Bernd & Hilla Becher, Bernadette Corporation, Nina Canell, Isaiah Davis, Simon Denny, Mark Dion, Eliza Evans, Rachel Fäth, Ignacio Gatica, Gabrielle L'Hirondelle Hill, Maren Karlson, John Kelsey, Clare Koury, Les Levine, Emil Martirosian, Hélio Melo, Mike Mosco, Jonathan Okoronkwo, Nohemí Pérez, Marina Pinsky, Monira Al Qadiri, Coumba Samba, Cauleen Smith, Nellie Stockbridge, Bernard Walsh, Yuyan Wang, Marina Xenofontos, and Liu Yujia
Sentient Earth brings together works by twenty-eight international artists contending with the ways extractive technologies shape lived environments and shifting perceptions of the planet. Responding to historical trajectories of mining, these narratives extend into the political and ecological imperatives of today’s financial and algorithmic systems.
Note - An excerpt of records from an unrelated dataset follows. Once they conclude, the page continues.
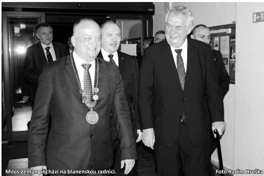
Miloš Zeman přichází na blanenskou radnici.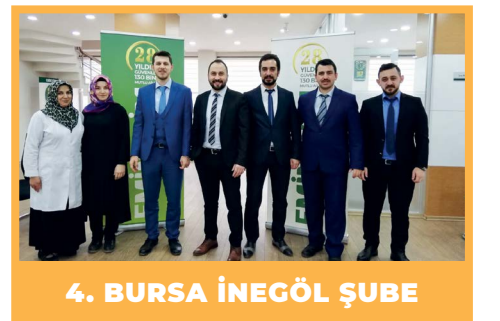
4. BURSA İNEGÖL ŞUBE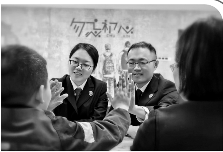
图为“莎姐”检察官在未检办案区帮教涉案未成年人。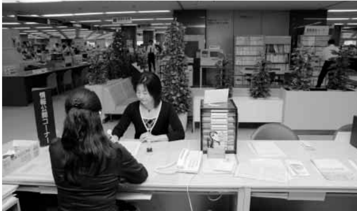
情報公開の請求は市役所 2 階で

お問い合わせは行政管理課 ☎ 890-6533、情報公開コーナー ☎ 890-6244へ。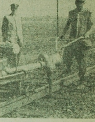
Prace z pomocą zakretniki na stacji Wasilków na odcinku drogowym Czarna Białostocka.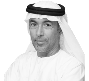
معالي خالد محمد بالعمي محافظ مصرف الإمارات العربية المتحدة المركزي عضو مجلس الإدارة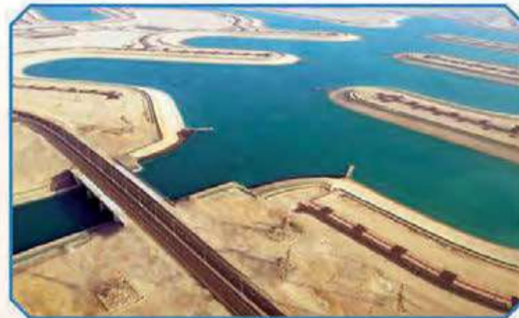
أحد جسري طريق 285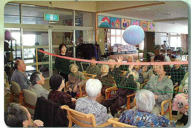
風船バレー/楽しく一日を過ごすレクリエーションがいっぱい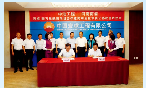
南浦集团与中油工程签订合作意向书及技术转让协议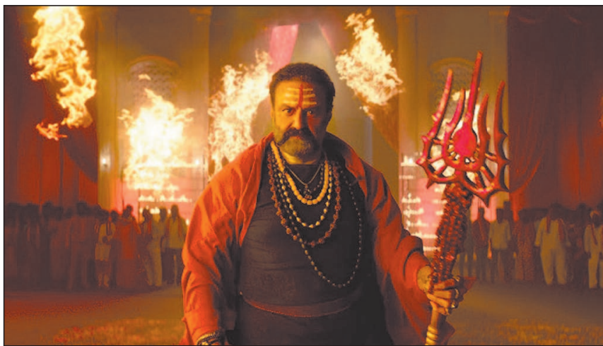
कन्नड सुपरस्टार शिव राजकुमार विशेष अतिथि के रूप में मौजूद रहे। उनकी उपस्थिति ने कार्यक्रम को और भी गरिमामय बना दिया। ट्रेलर की शुरुआत एक चेतावनी भरे माहौल से

Across Amant’s campus, over sixty artworks span geographies and a multiplicity of media, including kinetic sculpture, anamorphic painting, documentary film, and live data mapping. These artists explore the planetary scale of transformations enacted by today’s accelerating demand for resource extraction.
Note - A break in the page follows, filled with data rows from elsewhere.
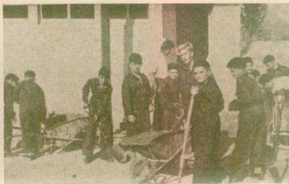
Ἡ πρώτη ἡμέρα τῆς «πρακτικῆς» (1949)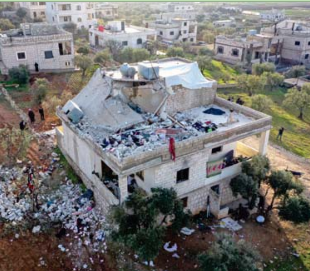
أشخاص يعاينون المنزل الذي تمت بداخله عملية قتل زعيم «داعش» في إدلب وفي الإطار صورة قديمة له

واشنطن، هبة القديسي وجهدت الولايات المتحدة، ضربة قوية جديدة لتنظيم «داعش»، بقتلها زعيمه أبو إبراهيم الهاشمي القرشي بعملية نفذتها قوة كوماندوز في محافظة إدلب السورية. وأعلن الرئيس جو بايدن أن واشنطن «أزاحت» زعيم «داعش» القرشي في عملية إنزال جوي نفذتها قوات أميركية خاصة في ريف إدلب شمال غربي سوريا ليل الأربعاء - الخميس، مؤكداً عودة جميع الجنود الأميركيين سالمين. وقال مسؤول كبير في البيت الأبيض إنه عند بدء العملية التي استهدفت القرشي في بلدة أطمه بريف إدلب قرب الحدود التركية، «فجر الهدف الإرهابي قنبلة مما أدى إلى مقتل مع أفراد عائلته وبيئهم نساء وأطفال». وأحصى «المركز السوري لحقوق الإنسان» 13 شخصاً على الأقل بينهم أربعة أطفال وثلاث نساء قُضوا خلال العملية التي بدأت بإنزال جوي، واستمرت لأكثر من ساعتين، تخللها إطلاق رصاص واشتباكات، دمرت مروحية في ريف حلب تعرضت لعتل، بعد مشاركتها في الإنزال واستهدفت العملية الأميركية، مبنى من طابقين في أرض محاطة بأشجار الزيتون. وتضرر الطابق العلوي منه بشدة وغطى الدخان الأسود سقفه الذي انهار جزء منه. وتبعثت محتويات المنزل الذي انتشرت بقع دماء في أنحاءه. وتداول سكان ليلاً تسجيلات صوتية خلال العملية، يطلب فيها متحدت باللغة العربية من النساء والأطفال إخلاء المكان المستهدف. وكان القرشي قد تسلّم قيادة التنظيم خلفاً لأبو بكر البغدادي، الذي قتل هو الآخر بعملية عسكرية أميركية في باريشا التابعة لإدلب في 27 أكتوبر (تشرين الأول) 2019 في عهد الرئيس السابق دونالد ترامب. ومنذ تسلمه مهامه خلفاً للبغدادي، لم يظهر القرشي علناً أو في أي من إصدارات التنظيم الإرهابي ولا يعرف الكثير عنه أو عن تفرقاته. (تفاصيل ص 6)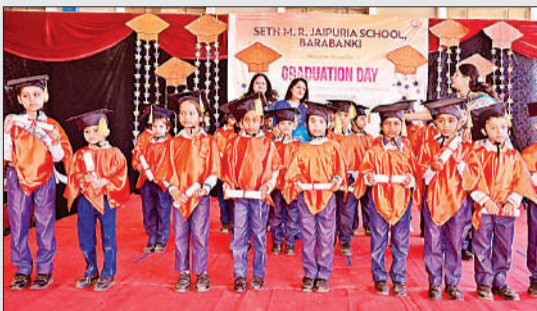
मंच पर मौजूद बच्चे व अतिथि।

The exhibition draws attention to Earth’s physical properties and the data and knowledge buried under its surface. The ground beneath our feet is endowed with a projected sentience: minerals are inscribed with spiritual, technological, and economic agency. Layers of sediment, living organisms, and industrial debris have become indispensable resources for the intelligent infrastructures that power contemporary life. Representations of mining embody this threshold between past and future: both a forecast of new technologies—as land, sea, and outer space are continually surveyed for their potential reserves—and a reminder of the perpetual cycles of life on Earth.
From panoramic charcoal drawings of centuries-old forests to machine paintings that employ generative AI, the works in Sentient Earth index the relationship between technological progress and geological depletion that reverberates into the future. Hand-formed bronze railroad tracks and minecars used to transport rock and ore highlight the circulation of raw materials through global energy flows. Visions of industry and technology trace the expanding scales of manufacturing, mobility, and consumption. By addressing rare earth economies, ecological uncertainty, affective investments, and logistical networks, these conversations across fields illuminate the myriad lenses through which Earth becomes legible as a resource.
Sentient Earth is accompanied by a gallery guide featuring a visual essay on Tierra Memoria, a project by Vinicius Duarte, alongside a public program of symposia, screenings, and sound performances. The exhibition will tour to The Power Plant Contemporary Art Gallery in Toronto where it will be on view from April 23 to September 6, 2027.